Liquidation vs Procédure d'insolvabilité en Espagne : quand utiliser chaque voie

Arbre décisionnel pour choisir entre la liquidation volontaire et la procédure d'insolvabilité en Espagne : quand chacune s'applique, comparaison des coûts, délais, implications en matière de responsabilité des dirigeants, options de pre-pack et procédure pour microentreprises.

9 min de lecture

La décision la plus importante lors de la fermeture d’une entreprise

Lorsqu'une entreprise espagnole fait face à la perspective d'une fermeture, la première décision — et souvent la plus mal prise — est le choix entre la liquidation volontaire et la procédure d'insolvabilité. Ce choix détermine le coût du processus, la protection des dirigeants, la probabilité que les créanciers soient payés et la durée de l'ensemble de la procédure.

L’erreur la plus courante consiste à confondre fermeture et liquidation, et liquidation et insolvabilité, en traitant ces trois concepts comme interchangeables. Ils ne le sont pas. Et choisir la mauvaise voie par méconnaissance ou pour éviter la complexité de la procédure d’insolvabilité peut entraîner une responsabilité pénale pour les dirigeants et un endettement personnel dévastateur.

Ce guide fournit l’arbre décisionnel permettant de choisir la voie appropriée, avec une comparaison détaillée des coûts, des délais, des conséquences pour les dirigeants et des alternatives disponibles.


L’arbre décisionnel

La question déterminante n’est pas « est-ce que je veux fermer l’entreprise ? » mais « l’entreprise peut-elle régler l’ensemble de ses dettes exigibles avec ses actifs ? » :

L'entreprise peut-elle régler l'ensemble de ses dettes exigibles avec ses actifs ?

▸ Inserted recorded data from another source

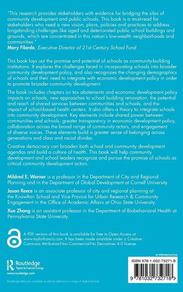Part 1 Introduction: Schools and Community Development 1. Community Development and Schools: Interrelationships, Conflict, and Power 2. Youth Demographic Trends and Equity Considerations Part 2 Financial and Physical: Economic Development Policy and Schools 3. The Cost of Tax Incentives to Public Schools 4. Urban Schools and the Growth Machine 5. School-Centered Community Development: Lessons from Baltimore's 21st Century School Buildings Program Part 3 Institutional and Social: Opportunities for Collaboration and Innovation 6. Joint Use Between Communities and Schools: Unpacking Dimensions of Power 7. Joint Use Service Delivery in New York State School Districts 8. School-Based Health Centers and Rural Community Health Part 4 Conclusion 9. Conclusion: A Broader Vision of Community Development, Schools, and Power
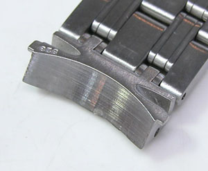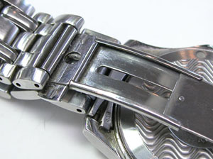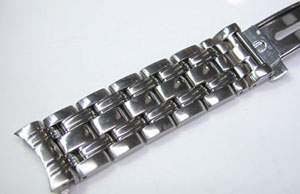 ステンレス無垢バンドに三つ折れプッシュバックル。
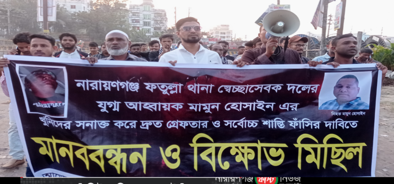 নারায়ণগঞ্জ ফতুল্লা থানা স্বেচ্ছাসেবক দলের যুগ্ম আহ্বায়ক মামুন হোসাইন এর খুনিদের সনাক্ত করে দ্রুত গ্রেফতার ও সর্বোচ্চ শাস্তি ফাঁসির দাবিতে মানববন্ধন ও বিক্ষোভ মিছিল করেন ফতুল্লা ইউনিয়ন ৬ নং ওয়ার্ড বিএনপি ও অঙ্গসংগঠন।
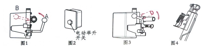 沿(圖1)箭頭方向扳動手柄,按住電動舉升開關(guān)(圖2),或?qū)u桿A和搖桿B(總隨車工具箱中取出)連在一起后插入搖臂中,上下?lián)u動搖桿(圖3),升起駕駛室,確認(rèn)油缸上棘爪卡入卡槽中(圖4)
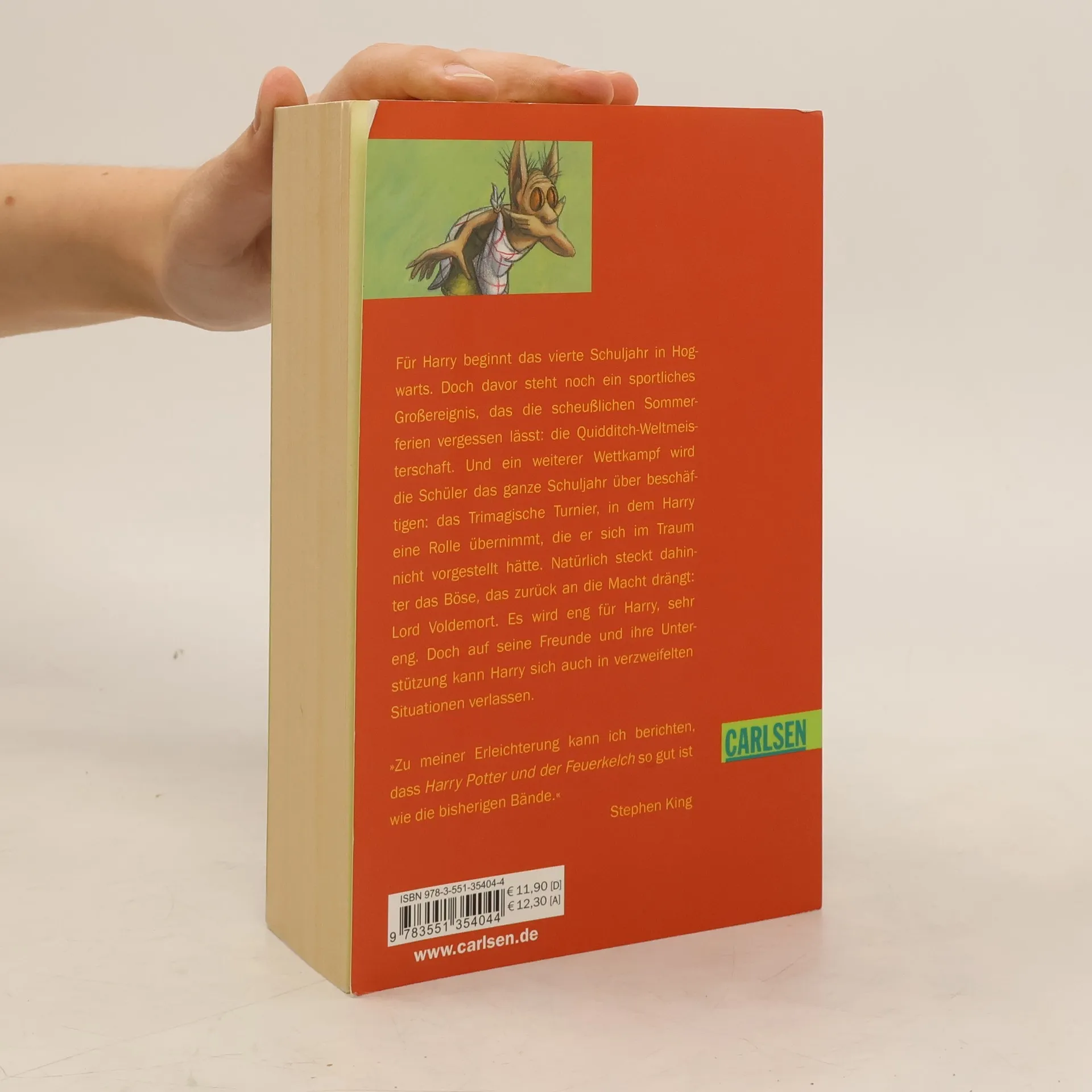 Harrys viertes Schuljahr in Hogwarts beginnt und ein Wettkampf hält die Schüler in Atem: das Trimagische Turnier, in dem Harry eine Rolle übernimmt, die er sich im Traum nicht vorgestellt hätte. Natürlich steckt dahinter das Böse, das zurück an die Macht drängt: Lord Voldemort. Es wird eng für Harry. Doch auf seine Freunde und ihre Unterstützung kann er sich auch in verzweifelten Situationen verlassen. Dies ist der vierte Band der international erfolgreichen Harry-Potter-Serie, die Generationen geprägt hat. Alle Bände der Serie: Harry Potter und der Stein der WeisenHarry Potter und die Kammer des SchreckensHarry Potter und der Gefangene von AskabanHarry Potter und der FeuerkelchHarry Potter und der Orden des PhönixHarry Potter und der HalbblutprinzHarry Potter und die Heiligtümer des Todes Die Harry-Potter-Serie ist abgeschlossen.
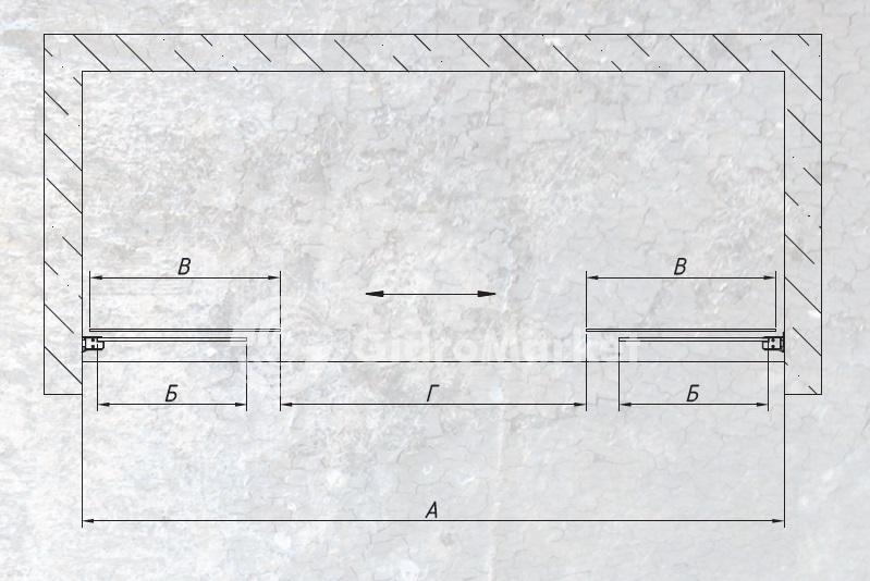 Двухстворчатая раздвижная дверь, с двумя неподвижными элементами
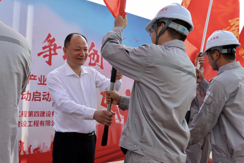 5月24日,公司在岳陽(yáng)自貿(mào)片區(qū)數(shù)字經(jīng)濟(jì)產(chǎn)業(yè)綜合體建設(shè)項(xiàng)目舉行2023年度勞動(dòng)競(jìng)賽啟動(dòng)儀式,吹響“爭(zhēng)先創(chuàng)一流,決戰(zhàn)決勝實(shí)現(xiàn)百億化建目標(biāo)”大干號(hào)角。公司黨委書(shū)記、董事長(zhǎng)周鴻,工會(huì)主席、監(jiān)事會(huì)主席胥正旺出席儀式,并為項(xiàng)目部“工人先鋒隊(duì)”“黨員先鋒隊(duì)”和“青年突擊隊(duì)”進(jìn)行授旗。公司相關(guān)部門(mén)、港晨公司和項(xiàng)目部共140余人參加。
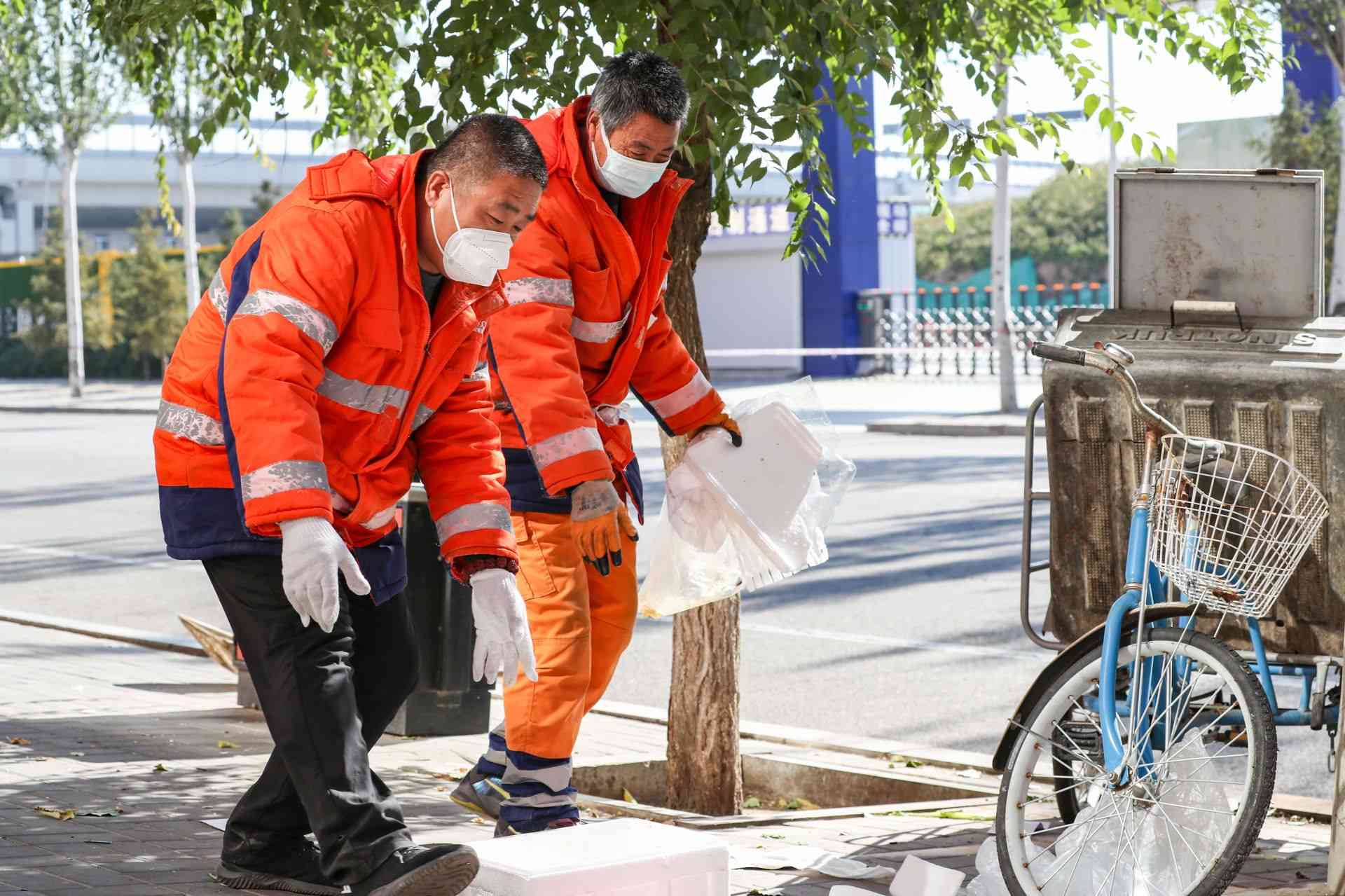 10月18日,呼和浩特市賽罕區(qū)環(huán)衛(wèi)工作人員正在進(jìn)行清掃清理工作。為切實(shí)做好疫情防控期間呼和浩特市生活垃圾清運(yùn)工作,讓城市清潔無死角,環(huán)衛(wèi)部門工作人員堅(jiān)守在城市街頭、社區(qū)等工作崗位,在做好自身防護(hù)的同時(shí),維護(hù)著城市的清潔環(huán)境。攝影/草原全媒·正北方網(wǎng)首席記者 牛天甲
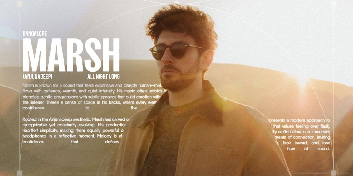 From Anjunadeep’s inner circle to the world’s most iconic dancefloors, Marsh brings his unmistakably warm, emotional sound to Bangalore on 29th March 2026.
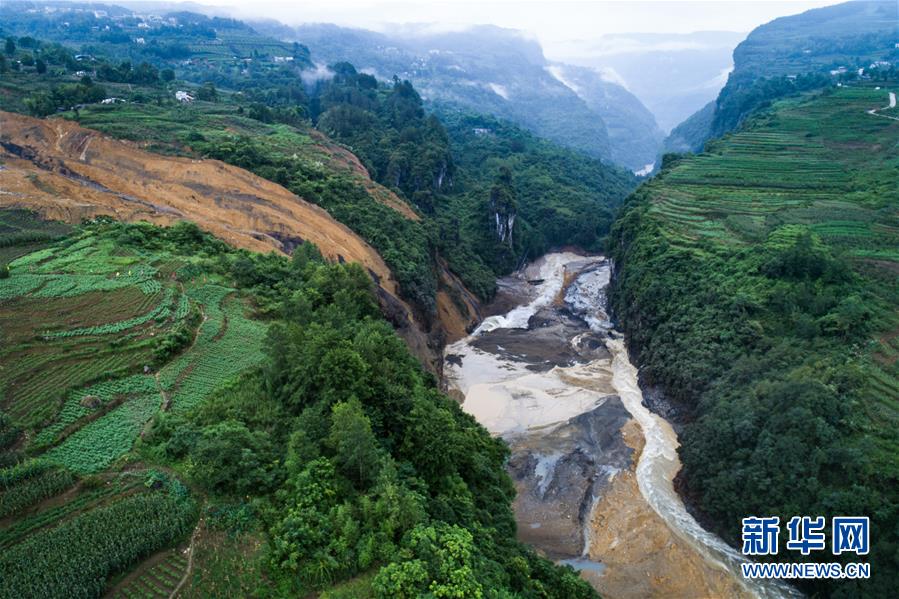 7月22日拍攝的因恩施州屯堡鄉(xiāng)馬者村山體滑坡形成的堰塞湖(無(wú)人機(jī)照片)。新華社記者肖藝九攝

├── OUI → Dissolution volontaire + liquidation ordonnée
│          (voie extrajudiciaire, sans intervention du tribunal)

└── NON → Le passif total est-il inférieur à 1 million d'euros ?

           ├── OUI → Procédure pour microentreprises (TRLC)
           │          (procédure judiciaire simplifiée, plus rapide et moins coûteuse)

           └── NON → Existe-t-il une possibilité réaliste d'accord de refinancement ?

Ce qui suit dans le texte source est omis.